Gatt, M.P., Deidun, A., Galea, A., and Gauci, A., 2018. Is citizen science a valid tool to monitor the occurrence of jellyfish? The spot the jellyfish case in the Maltese Islands. In: Shim, J.-S.; Chun, I., and Lim, H.S. (eds.), Proceedings from the International Coastal Symposium (ICS) 2018 (Busan, Republic of Korea). Journal of Coastal Research, Special Issue No. 85, pp. 316–320. Coconut Creek (Florida), ISSN 0749-0208.

The potential of citizen science in monitoring transient biological phenomena occurring over large spatial scales, such as the blooming of jellyfish species, has received increased acknowledgment in recent years. The Spot the Jellyfish citizen science campaign was launched by the International Ocean Institute and by the University of Malta in the summer of 2010, with thousands of jellyfish spotting reports having been submitted by sea-users through the campaign website, social media site, smart phone app or even through email, since then. The 2011–2015 submitted jellyfish reports were analysed, besides a number of water quality parameters (temperature, salinity, chlorophyll a content, nutrient and phytoplankton concentration), whose values were gleaned for the marine area of interest through online satellite water quality data portals. The main aim of this exercise was to seek to identify possible relationships, through a variety of univariate and multivariate statistical techniques, between the distribution of submitted campaign jellyfish records and the same water quality parameters.

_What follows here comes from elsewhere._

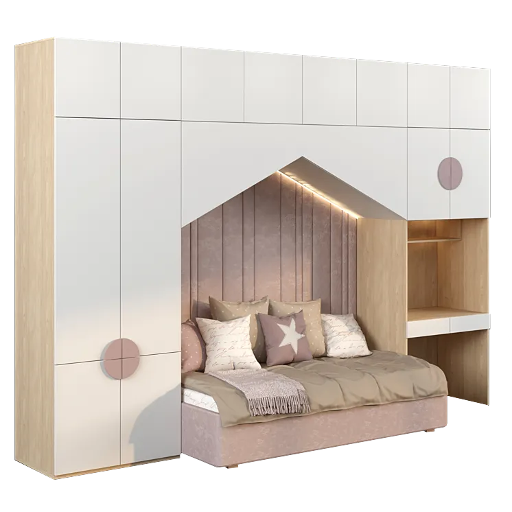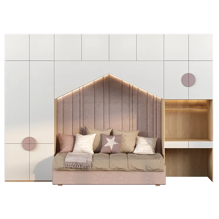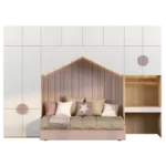 - Cama acogedora y temática: Cama individual con diseño de cabecero acolchado en forma de nube, en un atractivo color rosa pastel.

Possible bias introduced in the report database through artefacts such as differences in bay frequentation were addressed through normalisation procedures. Spatial differences in the abundance of jellyfish reports submitted along different parts of the Maltese coastline emerged, with the highest number of such reports having been submitted along the north-eastern coastline of the island of Malta, and jellyfish sighting reports correlated well with the values of the selected water quality values. Despite this, our results indicate that besides the selected water quality parameters, other forces, possibly hydrodynamic ones, were contributing to the recorded spatial variability in jellyfish occurrence.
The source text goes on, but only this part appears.